● Dataset extract
_____

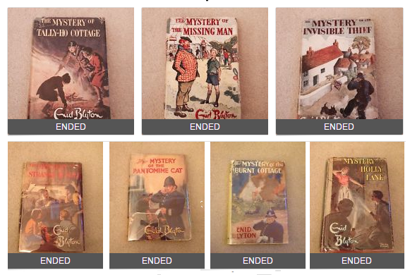 Firstly, I had my eye on a selection of Five-Find Outers titles on eBay – all first editions with dust jackets which started at a very enticing 99p each. I put them all in my watch list and checked back on them a few times, seeing them start to creep up as the week went on. Even The Mystery of the Invisible Theif was being bid on. Several went past my (admittedly cheapskatey) budget of £5-10 for a book, and of course, I already HAVE all of these titles in later impressions without the jackets. (I don’t buy books I already have unless it’s a serious improvement on what I already have. Even then I usually still don’t as I can’t justify the spend.)
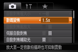 - 設定 [數碼變焦] 為 [1.5x] 或 [2.0x]
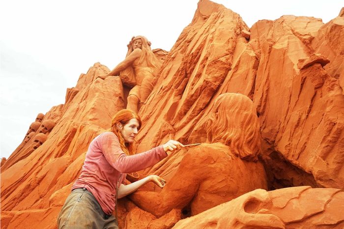 Điểm đặc biệt là các tác phẩm nghệ thuật này làm từ vật liệu hoàn toàn 100% từ cát tự nhiên Phan Thiết. Cát được trộn với nước, ngoài ra không có trộn bất kỳ chất phụ gia nào.
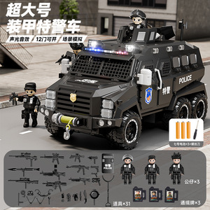 超大装甲特警车【高配版】7公仔+31场景配件+可喷雾/炮弹可发射

_____

● Work required
Return the material word for word, images omitted.

● Exercise solution
 Firstly, I had my eye on a selection of Five-Find Outers titles on eBay – all first editions with dust jackets which started at a very enticing 99p each. I put them all in my watch list and checked back on them a few times, seeing them start to creep up as the week went on. Even The Mystery of the Invisible Theif was being bid on. Several went past my (admittedly cheapskatey) budget of £5-10 for a book, and of course, I already HAVE all of these titles in later impressions without the jackets. (I don’t buy books I already have unless it’s a serious improvement on what I already have. Even then I usually still don’t as I can’t justify the spend.)
 - 設定 [數碼變焦] 為 [1.5x] 或 [2.0x]
 Điểm đặc biệt là các tác phẩm nghệ thuật này làm từ vật liệu hoàn toàn 100% từ cát tự nhiên Phan Thiết. Cát được trộn với nước, ngoài ra không có trộn bất kỳ chất phụ gia nào.
 超大装甲特警车【高配版】7公仔+31场景配件+可喷雾/炮弹可发射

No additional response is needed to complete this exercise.